But even her grandmother was as well pleased that Katie should have nothing to do with general preparations. All sorts of young people were to help, and it could hardly be but that some foolish things should be said and done where there was so much to excite and nothing to restrain, and her Katie's name was as well to be kept out of it all. But she put no limit as to the preparations that were to be made at home in the way of cakes and tartlets and little pats of butter, for it was to be a great occasion for Gershom.
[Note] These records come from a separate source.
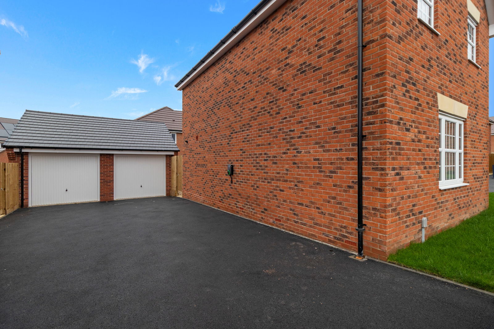A Tarmac driveway offering offroad parking for multiple vehicles with EV charging point in front of a separate garage.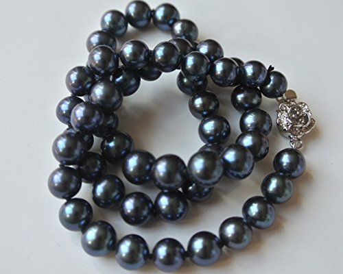 This gorgeous black necklace is strung together with 7-8mm black cultured freshwater pearls. Great luster, smooth surface, round to the eye. 16" choker style. Comes in a luxuary jewelry box.Feature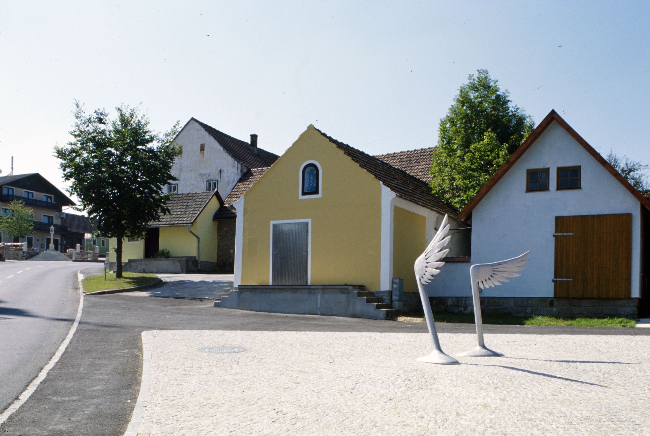 The artist ANA has redesigned the square next to Stift Eisgarn, which was founded in 1330 in the Waldviertel, and designed a monument to commemorate the founder of the monastery. The memorial consists of two abstract wings 1.8 metres high and made of cast aluminium. The square has been covered homogenously with paving stones.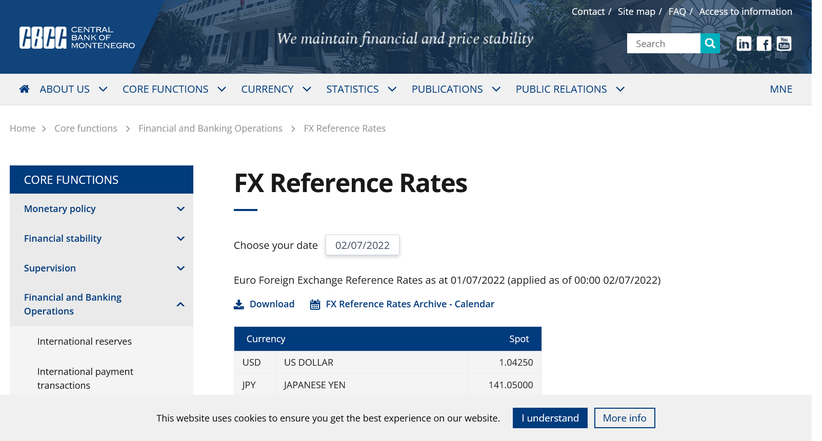 Central Bank of Montenegro https://www.cbcg.me/en/core-functions/financial-and-banking-operations/fx-reference-rates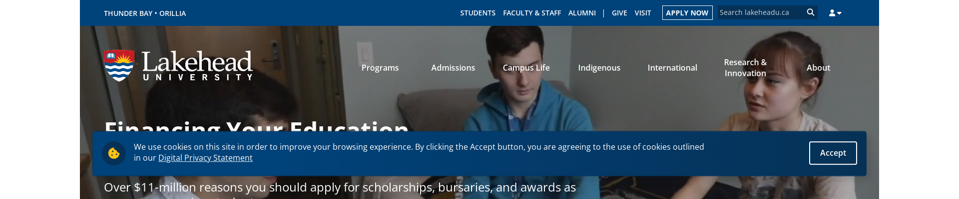 Lakehead University is a public research university located in Thunder Bay, Ontario, Canada. With a main campus in Thunder Bay, Lakehead also has regional campuses in Orillia and Barrie. It is the second-largest university in Northwestern Ontario, with a total of approximately 6,500 undergraduate students and 1,750 graduate students enrolled. Lakehead has a variety of academic programs, including a Medical School, Law School and faculties in the fields of business, arts, sciences, and engineering.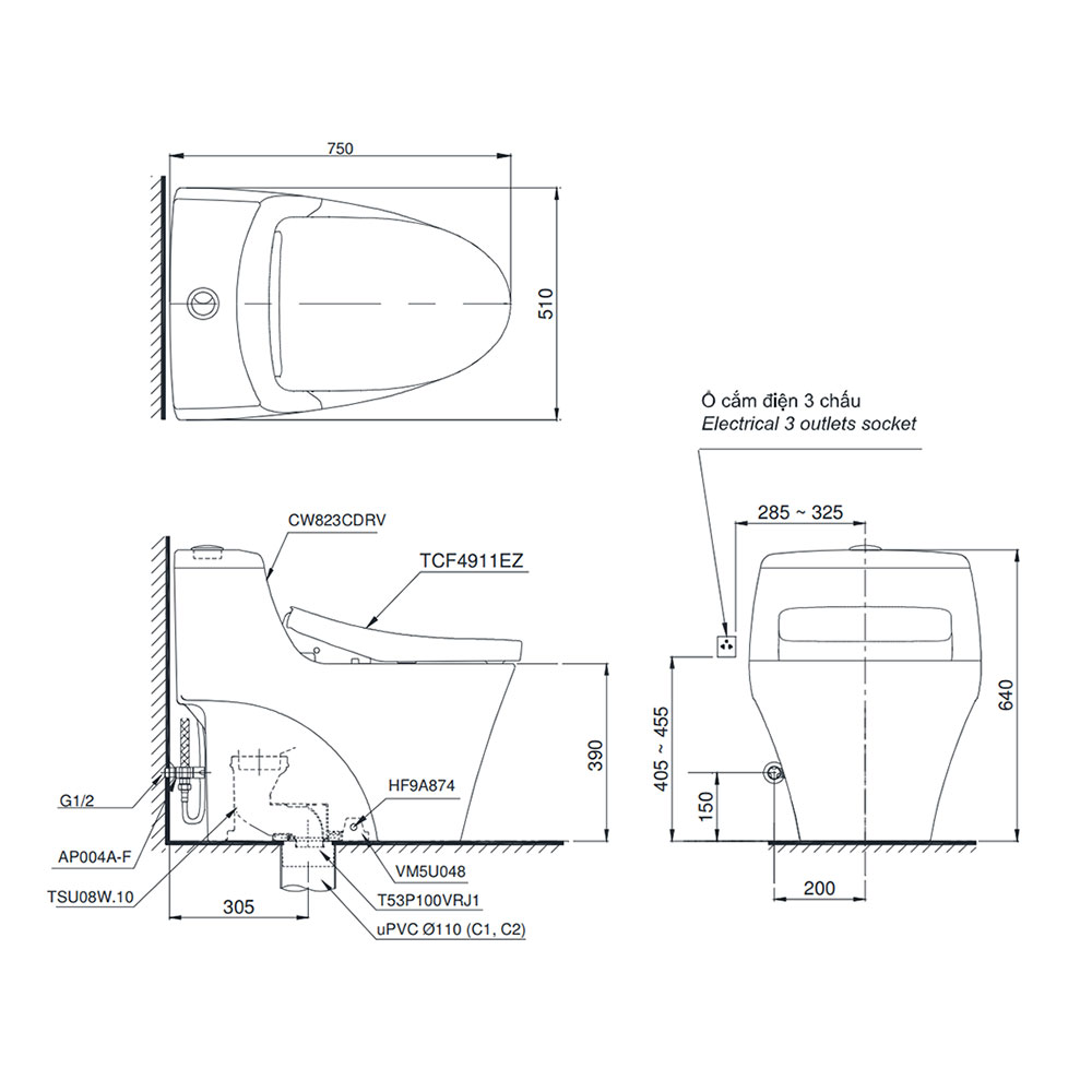Bản vẽ kĩ thuật Bồn cầu thông minh TOTO MS823CDRW23 nắp rửa điện tử TCF47360GAA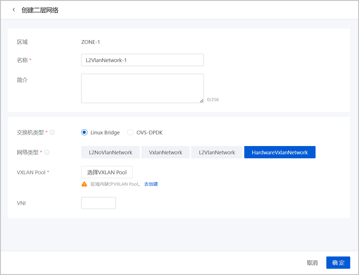 ethx格式的网卡名称会在系统重启后导致网卡顺序随机改变,尤其是带多网卡的云主机环境中,建议将各计算节点的网卡设备名称修改成非ethx格式,例如:可修改成em01格式。在ZStack Cloud主菜单,点击,进入二层网络界面。点击创建二层网络,弹出创建二层网络界面。

There had been demonstrations of this kind before in Gershom and the vicinity. Indeed, this was a favourite way of promoting the cause of temperance, as it has more recently become the favourite way of promoting other causes in Canada. In some spot chosen for general convenience a great many people assembled. The greater the number the greater the good accomplished, it was supposed. The usual plan was for parties of friends to keep together, and either before or after the speech-making—which was supposed to be the chief interest of the day— to seek some suitable spot in field or grove for the enjoyment in common of the many nice things stored in the baskets with which all were supplied.

But Gershom folk aimed at something beyond the usual way. In Finlay Grove, which had been chosen as the place of meeting, tables were to be set up and covered for—

“Well—we'll say five hundred people,” Clifton Holt suggested at one of the meetings for the settling of preliminaries. “And let us show them what Gershom can do.”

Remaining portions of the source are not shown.